Acute rhinosinusitis Flashcards
Definition
Acute inflammation in the mucous membranes of the paranasal sinuses.
Causes
Acute rhinosinusitis is most commonly caused by a viral infection (i.e. the common cold).
About 5% of URTIs are complicated by an acute sinusitis,
- which is mainly viral initially
- while secondary bacterial infection commonly follows.
Any factor that narrows the sinus openings into the nasal cavity (the ostia) will predispose to acute sinusitis.
clinical presentations
1) an URTI persisting for longer than 10 days
2) URTI that is unusually severe with pyrexia and a
purulent nasal discharge
Clinical features of acute sinusitis
Facial pain and tenderness
Toothache
Purulent postnasal drip
Nasal discharge
Nasal obstruction
Rhinorrhoea
Cough (worse at night)
Fever
Epistaxis
Suspect bacterial cause if high fever and purulent nasal discharge.
Measures & Treatment
- Increased fluids
- Saline insufflation or steam inhalation (a very important adjunct)
- Nasal decongestants (oxymetazoline-containing nasal drops or sprays) 5 for 5–10 days only if congestion
- Simple analgesics for pain, e.g. paracetamol, and fever
- Nasal saline irrigation
- Pseudoephedrine tabs
- If swollen and inflamed: corticosteroid spray
- Antihistamines and mucolytics are of no proven value.
indication for oral antibiotics
Usually no indication for oral antibiotics unless
in severe cases with at least three of the following:
• facial pain
• persistent mucopurulent nasal discharge (>7–10 days)

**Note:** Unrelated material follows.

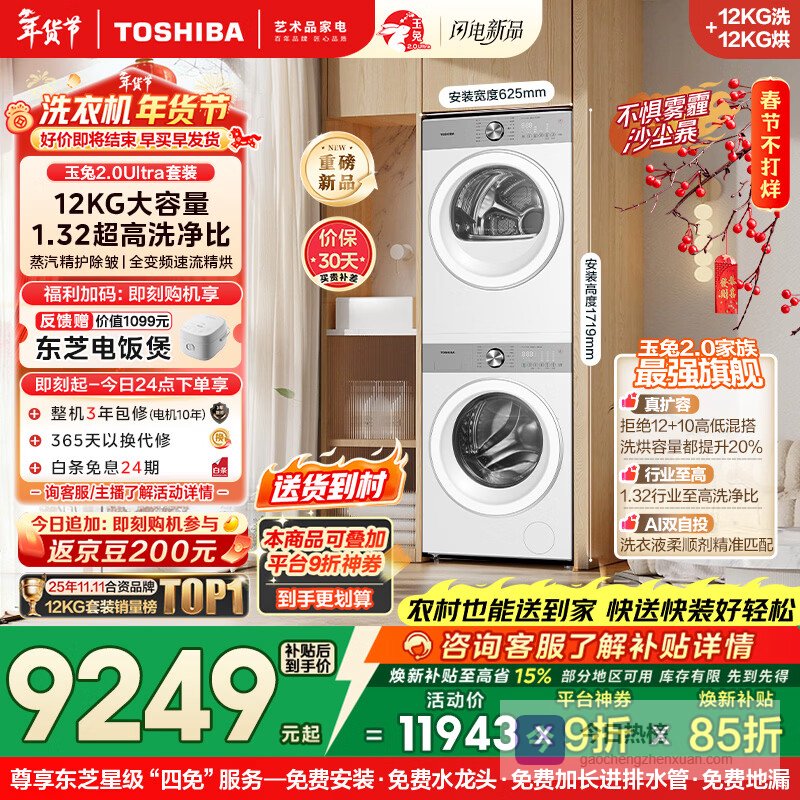 【京东自营】东芝玉兔2.0Ultra洗烘套装12公斤大容量滚筒洗衣机+变频热泵烘干机超微泡全变频蒸汽¥

• poor response to decongestants
• tenderness over the sinuses, esp maxillary
• tenderness on percussion of maxillary, molar and
premolar teeth that cannot be attributed to by a single tooth
Guidelines for antibiotic treatment
If bacterial sinusitis (high fever, purulent nasal discharge):
- Exclude dental root infection
- Control predisposing factors
- Use appropriate antibiotic therapy.
- Establish drainage by stimulation of mucociliary flow and relief of obstruction
Antibiotics (first choice):
• amoxycillin 500 mg (o) tds for 7 d or
• (if sensitive to penicillin) doxycycline 200 mg (o)
statim then 100 mg daily for 7 d or
• cefaclor 375 mg (o) bd for 7 d or
• amoxycillin clavulanate 875/125 mg (o) tds for 7 d
In complicated or severe disease, use intravenous cephalosporins or flucloxacillin
If superinfected: mupirocin 2% nasal ointment
If poor response to above agents—indicates resistant H. influenzae
Persistent cases management
If severe and persistent, surgical drainage may be necessary by atrial lavage or frontal sinus trephine.

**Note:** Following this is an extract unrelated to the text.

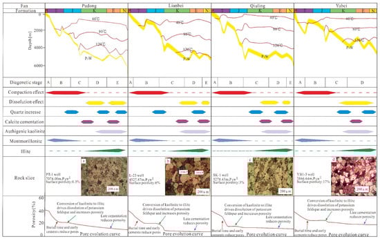 From the Late Triassic epoch to the Mid–Late Jurassic epoch, the underlying Taodonggou Group source rocks became mature and expelled hydrocarbons, and yet, the hydrocarbon expulsion time is somewhat differentiated among different sub-sags, as stated above. The results show that from the Late Triassic to the Middle and Late Jurassic, the source rocks of the Permian Taodonggou Group matured and expelled hydrocarbons, and there was little difference in the hydrocarbon generation time of different sub-sags. Due to the neighboring between the source rocks and the Wutonggou reservoirs, hydrocarbons first enter the Wutonggou Formation reservoirs. The burial depths of different fan bodies are varied, and so are the hydrocarbon emplacement time and experienced diagenetic processes [67]. The Wutonggou Formation sandstone reservoir in the Taibei Sag is highly compacted. The contact among grains is mainly line contact, and the primary pores are mostly destructed, both implying considerable compactions. In the later stage, carbonate minerals occur extensively in the forms of cement and metasomatism, and the quartz overgrowth is identified as the II–III grade [73]. As shown in Figure 12, the diagenesis has reached the meso-diagenetic A phase, and some fan bodies even present the highest diagenesis of the meso-diagenetic B phase, e.g., the Pudong fan group (Figure 13). The modeled porosity curve shows that the porosity of the Yubei fan group is 18%, higher than those of the Lianbei fan body and Qiuling fan group, and the least porosity of 12% occurs in the Pudong fan group. Such an understanding is validated by the observed plane porosity of casting thin sections. The casting thin section plane porosity of the Wu-I Member, Well YB1-3, the Yubei fan group, is 17%, higher than those of Well L-23, the Lianbei fan body; and Well SK-1, the Qiuling fan group (6% and 3%, respectively). The burial depth of the Pudong fan group is the highest and exceeds 7000 m, and the casting thin section plane porosity of the Wu-I Member is 0.3%. It is confirmed that the Yubei fan group has better reservoir physical properties. At present, the burial depth of the Wutonggou Formation in the Taibei Sag is commonly 4000–6000 m, while Wells LN-1, YG-7 and AC-1 in the Tainan Sag reveal that the burial depth in the Wutonggou Formation ranges from 2000 m to 4000 m. In other words, the southern region is located in the higher position of the fan slope. This oil explains why oil and gas reservoirs largely occur in the southern part of the Taibei Sag and Tainan Sag [71,72,73,74,75,76,77].

Inhalations for sinusitis, what do you need?
The old method of towel over the head and inhalation bowl can be used, but it is better to direct the vapour at the nose.
Equipment needed is a container, which can be an old disposable bowl, a wide-mouthed bottle or tin, or a plastic container.
For the inhalant, several over-the counter preparations are suitable such as;
- Friar’s Balsam (5 mL)
- Vicks VapoRub (1 teaspoon), or menthol (5 mL).
The cover can be made from a paper bag (with its base cut out)
Cone of paper or a small cardboard carton (with the corner cutaway).
Method of Inhalations for sinusitis
Add 5 mL or 1 teaspoon of the inhalant to 0.5 L (or 1 pint) of boiled water in the container.
Place the paper or carton over the container.
Get the patient to apply nose and mouth to the opening and breathe in the vapour deeply and slowly through the nose, and then out slowly through the mouth.
Perform for 5–10 minutes, TDS, esp before retiring.
After inhalation, upper airway congestion can be relieved by autoinsufflation.